2R、佐藤は基本的には距離を取り、長いワンツーを主体としてヒット&アウェイ。接近すればクリンチ、上手い戦い方をしています。ただ、梅津のプレスは強く、クリンチが出来なかった時はかなり危険。

後半、佐藤は身体を使って梅津をコーナーに押し込み、クリンチを多用しますがここで減点。

3R、後がない佐藤は非常に積極的に攻めます。こうなると梅津はやりやすいかもしれません。佐藤が自ら射程圏内に入ってきてくれます。

 

射程圏内に入った佐藤に対して、力強いパンチを振っていく梅津。

そして佐藤の入り際、梅津の右カウンターがヒット、佐藤は前のめりに倒れるダウン!

立ち上がった佐藤に対して、梅津は連打!連打!佐藤のクリンチも気にせず、連打!

そして倒れた佐藤をレフェリーが救い、試合が終了。

梅津奨利、3RTKO勝利で東日本新人王に!

これはまた魅力的なボクサー、梅津奨利。パンチングパワーもさることながら、そのアグレッシブな姿勢は素晴らしいですね。

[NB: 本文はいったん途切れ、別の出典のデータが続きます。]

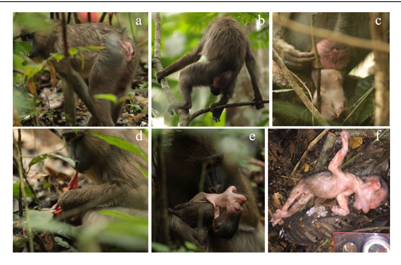
Fig. 1 Photos of key events observed during a daytime parturition that resulted in a stillbirth: a Parturient female mandrill the morning of the day of parturition. b Parturient female undergoing a contraction. The crown of the infant's head is visible. c Ongoing delivery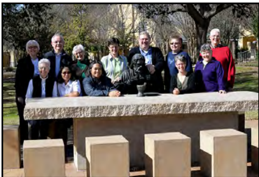
ForMission Class of 2018 and Team gathered at the Last Supper picnic table.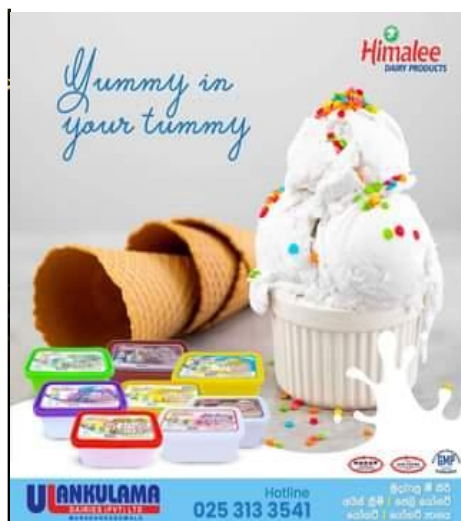
Figure 9. https://m.facebook.com/photo.php?

Lots of people love ice cream, especially kids. The ice cream balls appear in the graphic advertisements always cohesive and fixed in place, contrary to what is known about this dessert, which melts. The colors of the balls mix with each other smoothly. The reason is that what appears in the ad is colored mashed potatoes that are cohesive and do not melt.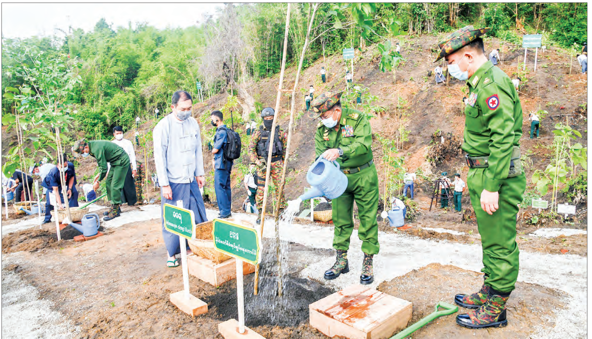
State Administration Council Chairman Commander-in-Chief of Defence Services Senior General Min Aung Hlaing seen watering a star-flower sapling at the rainy season tree planting ceremony in Nay Pyi Taw on 18 June 2021.

CHAIRMAN of the State Administration Council Commander-in-Chief of Defence Services Senior General Min Aung Hlaing attended the 2021 environmental greening activity at No 17 block in Pozaungtaung forest reserve beside No 1 road in Nay Pyi Taw-Tatkon in Ottarathiri Township of Nay Pyi Taw yesterday morning.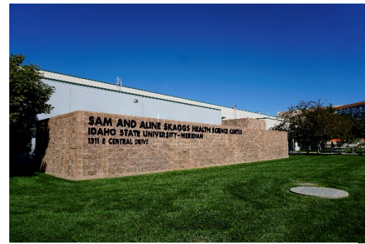
ISU Meridian Health Science Center, Meridian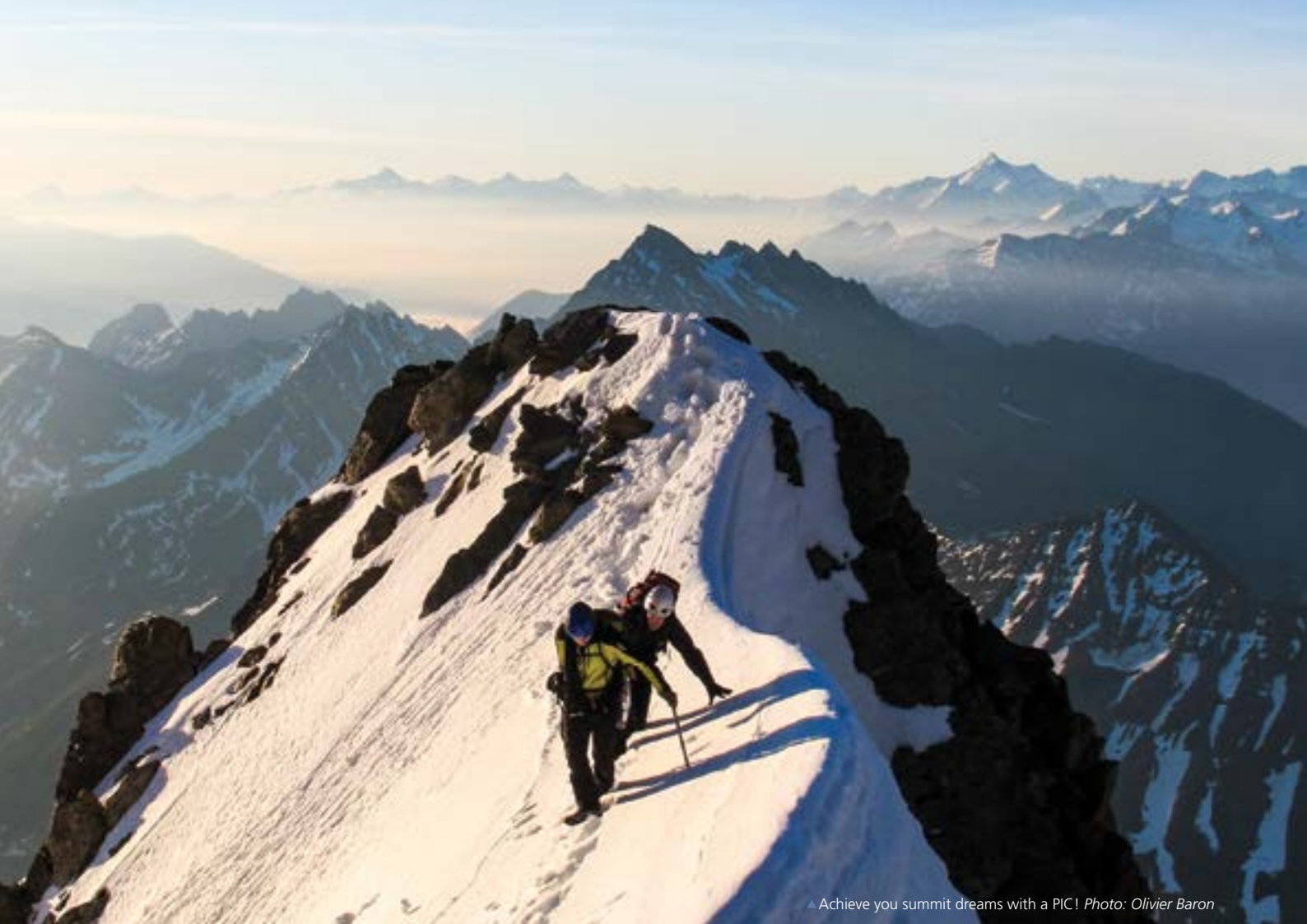
▲ Achieve your summit dreams with a PIC!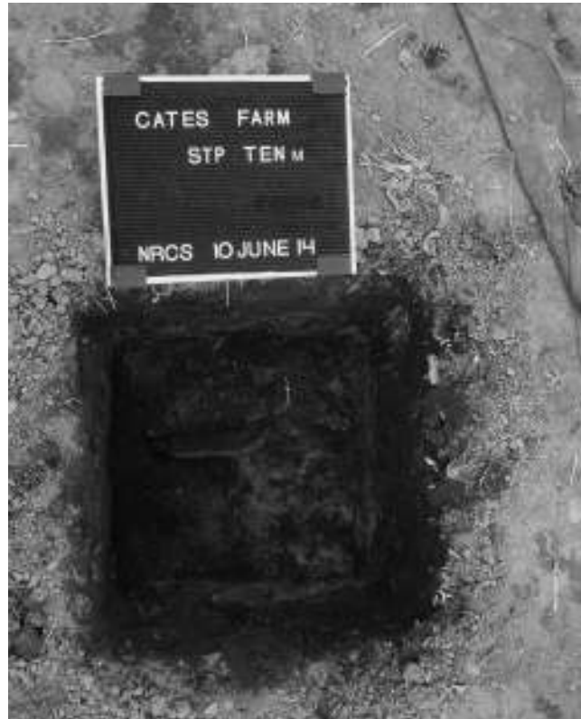
Figure 2. STP 10m (50 x 50 cm) with the surface (in the B horizon) at 43 cm below surface and the dark feature along the west (left) wall.

Processing of Feature 2014 began with flotation of 3.1 kg of moist fill in a clean tub with water, agitation of the fill with a plastic rod, and recovery of a light fraction from the water’s surface with a clean brass testing sieve (no. 60 mesh or 250 micrometers). The non-floating heavy fraction was placed on 1 mm mesh hardware cloth and water-screened. Following drying, the fractions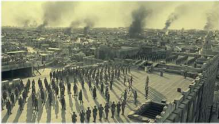
THE EIGHT HUNDRED (Huayi Brothers) earned $440M in 2020 box office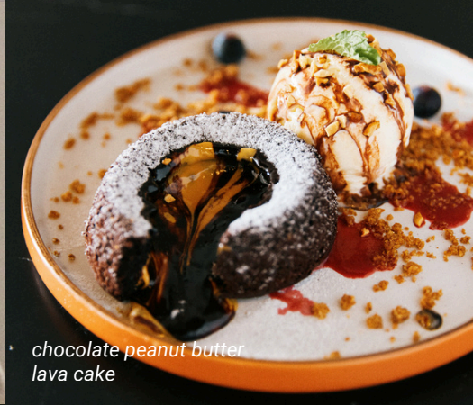
chocolate peanut butter lava cake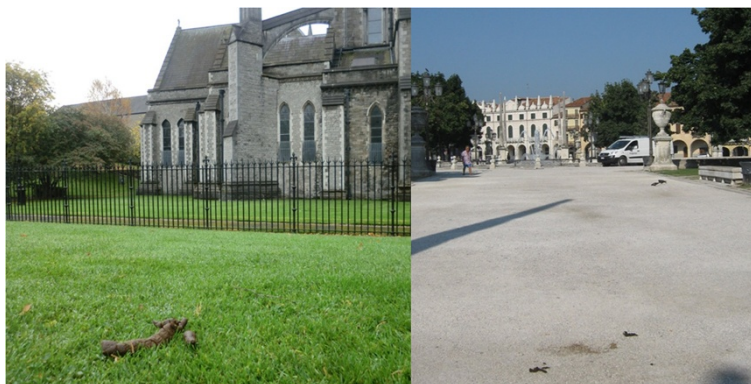
Figure 4 Dog faeces in a green park of Dublin, Ireland (left) and in a public square of Padua, Italy (right).

developed to discriminate eggs of ascarids in soil samples [107,108], although some pitfalls may impair a routine use, e.g. low throughput analysis and risk of carry-on contamination. A duplex Real-Time PCR has been recently validated for the detection and discrimination of T. canis and T. cati eggs in different samples, including soil. This assay is promising for the implementation of standardized methods able to evaluate the presence of roundworm eggs in contaminated soil on a large scale. In particular, this novel molecular tool can be used to investigate, with a high throughput, the occurrence and the level of contamination of eggs of T. canis (and T. cati ) in urban parks, green areas, playgrounds and sandpits [109].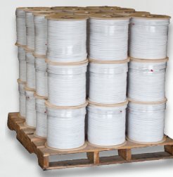
1000 ft reel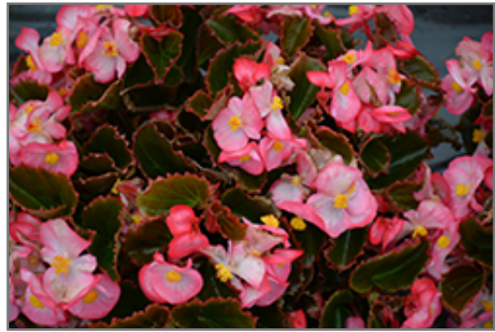
Senator IQ Rose Bicolor flowers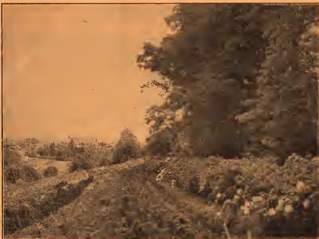
Rhododendrons at Andorra.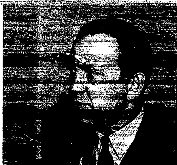
Congressman John Brademas Democrat of Indiana

I am an invisible man . . . I am a man of substance, of flesh and bone, fiber and liquids—and I might even be said to possess a mind. I am invisible, understand, simply because people refuse to see me.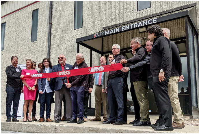
Ribbon cutting ceremony for the new IKO facility in Hagerstown.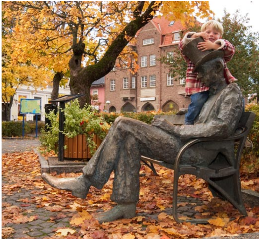
Don't forget to say hi to Nils Ferling when you visit Filipstad.

Filipstads Tourist Bureau Stora torget 3 D (ingång biblioteket) Filipstad +46 590-613 54 www.filipstad.se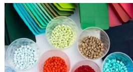
Resin (Unsaturated Polyester Resin, Alkyd Resin)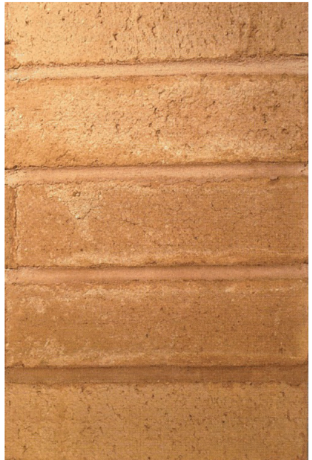
Figure 4. Made with one batch of mortar, these joints show the effect of mortar consistency and tooling time on mortar color. The top mortar joint was tooled immediately after placement of the unit. Remaining mortar joints were tooled at progressively greater time intervals and thus stiffer consistency, resulting in darker colors.

Mechanical mixing of mortar is recommended. Pre-blended mortars should be mixed according to the manufacturer's recommendations. For other mortars, use instructions provided by the mortar supplier. If no mixing instructions are given, experience has shown that good results can be obtained when about 3/4 of the required water, 1/2 the sand, and all the pigments and cementitious materials are briefly mixed together. The balance of the sand and the remaining water are then added to bring the mortar to optimum working consistency. The amount of water added should be the maximum that is consistent with satisfactory workability. After all the mortar materials are combined together, they should be mixed for 3 to 5 minutes. It is advisable to mix the full 5 minutes when producing pigmented mortars.

これで6戦全勝全KO、こういう戦績の新人王というのはどこぞの漫画みたいで良いですね。

非常に魅力的な梅津、全日本新人王も楽しみです。

 

スーパーバンタム級

高橋烈(KG大和)vs海野利樹(伴流)

3勝(2KO)無敗の高橋、5勝(1KO)1敗の海野。無敗の高橋は勿論、海野も好戦績、初の新人王戦でここまで勝ち上がってきた者同士の一戦です。高橋はアマ経験もあるようですね。

ともにこの階級においては長身。フットワークを使い、ガードの低い構えから左右を大きく降っていく高橋。海野は時にスイッチ、ガードを掲げて大きく動く高橋を追っていきます。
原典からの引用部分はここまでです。